Discussion in 'Personal' started by missindependent81, Mar 4, 2012.

  1. missindependent81

    missindependent81 New commenter

    A little advice please, I have been with my current partner for not yet two years and I need to know where I draw the line.

    At xmas we both had to take on second jobs because he was made redundant last year and I agreed to support him in setting up on his own (which has all had to be done under my name due to financial reasons). He had little money at Xmas and I ended up buying all of his kids (from previous relationships) presents. Now we are looking at getting a mortgage which again all has to be done under my name. On top of the business and house and kids we are also trying to start our own family and I also work full time at a completely unrelated job to teaching. While he tells me that he isnt going anywhere and wants to make everything we have together work I can't help thinking that not only have I gone above and beyond the girlfriend duty at Xmas but I also stand to loose a hell of a lot if he gets up and walks one day.
    His ex is a constant pain in our lives and is alaways demanding money from him (which as far as I'm aware he doesnt give her) but I know it happens. I am a very all or nothing person and I believe I can handle everything but at 30 how do I know i'm not taking on too much and burning myself out?

    Vent over.
     
  2. missindependent81

    missindependent81 New commenter

    Thanks for the advice, hugely appreciated..

    When I say his ex keeps asking him for money I meant above and beyond what the CSA tell him to pay. He has his support in place and sticks to that the rest is her being unreasonable and self centred.
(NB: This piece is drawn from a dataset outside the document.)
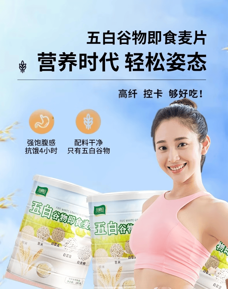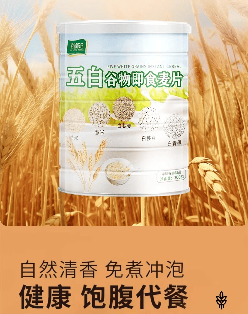 谷诚假日五白谷物即食麦片搭减肥燕麦片无糖降控血糖薏米白青稞芸豆膳食病 【注意:3罐及以上】赠送杯勺一套【勿拍】 京官方东店自旗舰营正品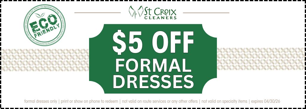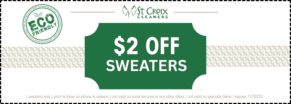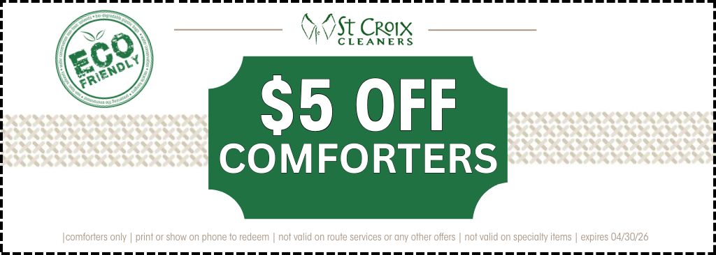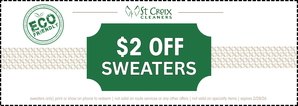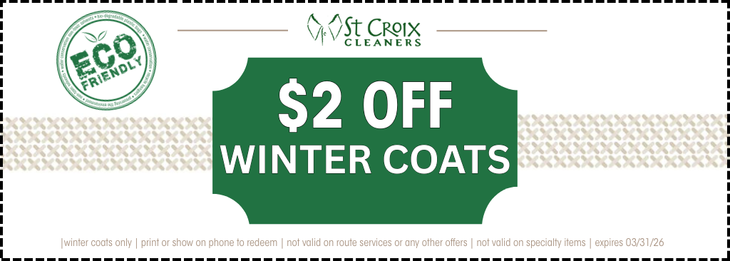 - You can have easy access to weekly coupons by simply joining our online community! Like and follow us on Facebook at /StCroixCleaners.

    I am concious that I may have made a rod for my own back at Xmas by buying the presents and since then I have been very controlled in what I pay for and what I dont. I will give him credit though the business we set up is slowly taking off and its down to him and the amount of work he puts in.
     
  3. PlymouthMaid

    PlymouthMaid Occasional commenter

    This sounds a little like my own situation for the past few years. It is really hard as when you are couple your finances are shared (kind of) but sometimes there is a massive imbalance. I guess you need to know that this is not going to last forever and maybe that you will get the money back one day. It will set you back in life otherwise if we are talking about substantial sums eventually. It can lead to resentment too if you are working and he isnt earning. I dont think you shoul dgive him money any more for the children if the ex is already getting her share as it is your money. Keep some records of how much you loan him and make clear that you expect to be paid back one day if it is more than a few bits and bobs.
     
  4. jubilee

    jubilee Star commenter

    Is the business in your name because he is not allowed to run one (after previous commercial problems/bankruptcy etc) or because he doesn't want the profits from the business inflating the money he has to pay his ex?
    If the business fails, with debts, you will be personally liable for the debts. If you have a property, the property could be seized to pay off the debts and you could lose any equity (deposit) that you put into it. Any savings you have could be forfeit if the business folds.
    It does sound as though your boyfriend allows others (women) to sort out his responsibilities. Do you want to be in the same situation as his ex, with the added complication of being the legal owner of his business?
    Is the business making any money. Are you completing official paperwork for the business, including declaring any profits or losses on a Tax return? Has the Inland revenue even been informed about the new business? Where will the money come from to settle any tax bill on the business profits?
    If you ened up a single parent in a few year's time, your assessment for CSA funding or for State benefits would be complicated by you having a business and , on paper, the income from it.
     
  5. Couldn't agree more with the above poster. Do not use your name for his business, do not take out a mortgage in your name unless you 100% want to own your house. At least if you rent you will be able to get out of the mess if it goes pear shaped. I have been evicted more than once due to other peoples' problems even though I am still with him!